§ **INFORMATION PROVIDED**:
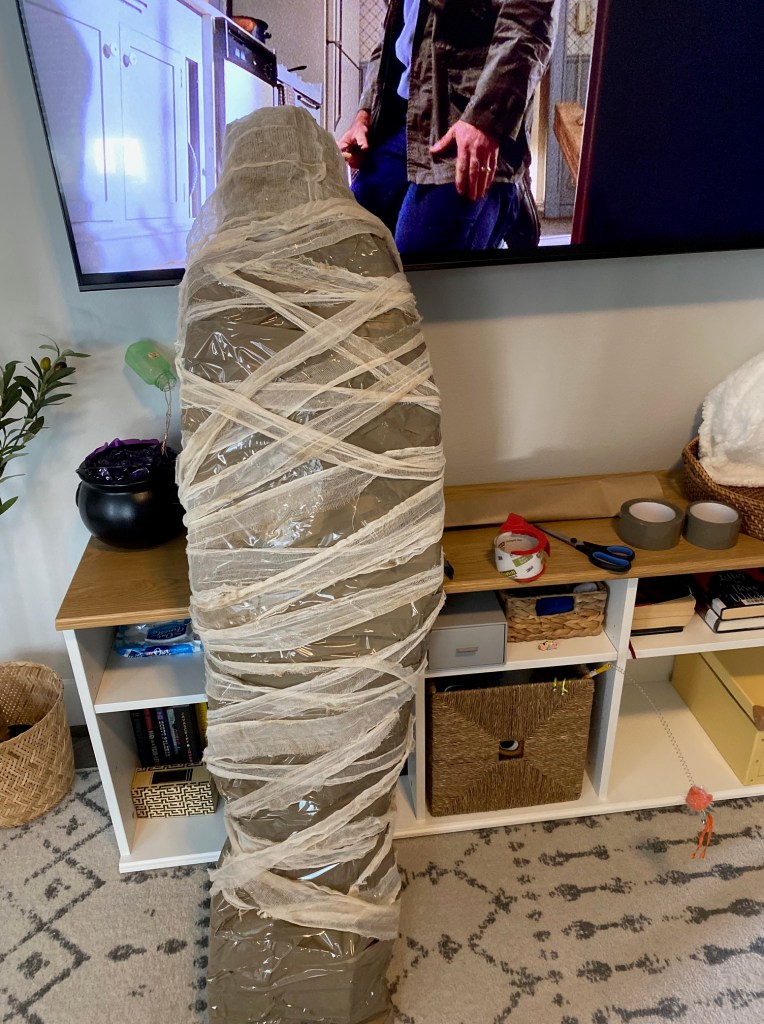 If you’ve walked into any home improvement store lately you’ve seen the huge animatronics on display for Halloween. You want to take one and the dog too home until you see the prices. Now, what I’ve made is nowhere near 12 ft. tall, but you can certainly go bigger with this project. This mummy is made out of recycling and other things I had lying around the house, and was inspired by the many posts of people making realistic looking “body bags”. Extremely cheap project as all I bought was the gauze material.
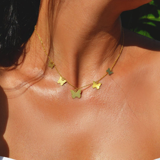 Colar em prata dourada com Borboletas
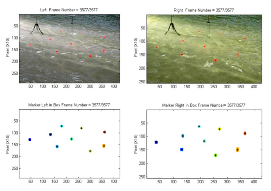 Figure 8 shows a screenshot of the segmentation step: images taken by the two cameras (upper panel) and the result of the markers segmentation (lower panel) are shown.
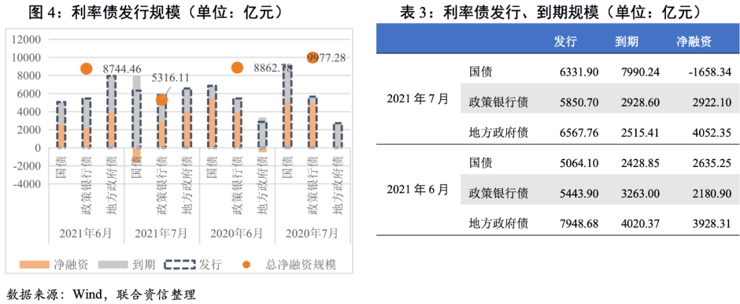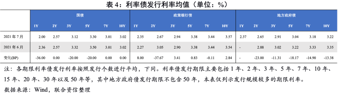 從發行利率看,7月國債受資金面及避險情緒影響,配置需求較強,短端發行利率下行明顯;政策銀行債發行利率漲跌不一,主要是6月國開行發行了1年、3年和5年期的境內美元債,發行票面利率拉低了平均值;地方政府融資成本回落,7月地方政府債主要期限發行利率較6月均出現下行。

§ **PROBLEM TO SOLVE**: The copy must match every line of the data exactly and contain no pictures.

§ **ANSWER SECTION**:
 If you’ve walked into any home improvement store lately you’ve seen the huge animatronics on display for Halloween. You want to take one and the dog too home until you see the prices. Now, what I’ve made is nowhere near 12 ft. tall, but you can certainly go bigger with this project. This mummy is made out of recycling and other things I had lying around the house, and was inspired by the many posts of people making realistic looking “body bags”. Extremely cheap project as all I bought was the gauze material.
 Colar em prata dourada com Borboletas
 Figure 8 shows a screenshot of the segmentation step: images taken by the two cameras (upper panel) and the result of the markers segmentation (lower panel) are shown.
 從發行利率看,7月國債受資金面及避險情緒影響,配置需求較強,短端發行利率下行明顯;政策銀行債發行利率漲跌不一,主要是6月國開行發行了1年、3年和5年期的境內美元債,發行票面利率拉低了平均值;地方政府融資成本回落,7月地方政府債主要期限發行利率較6月均出現下行。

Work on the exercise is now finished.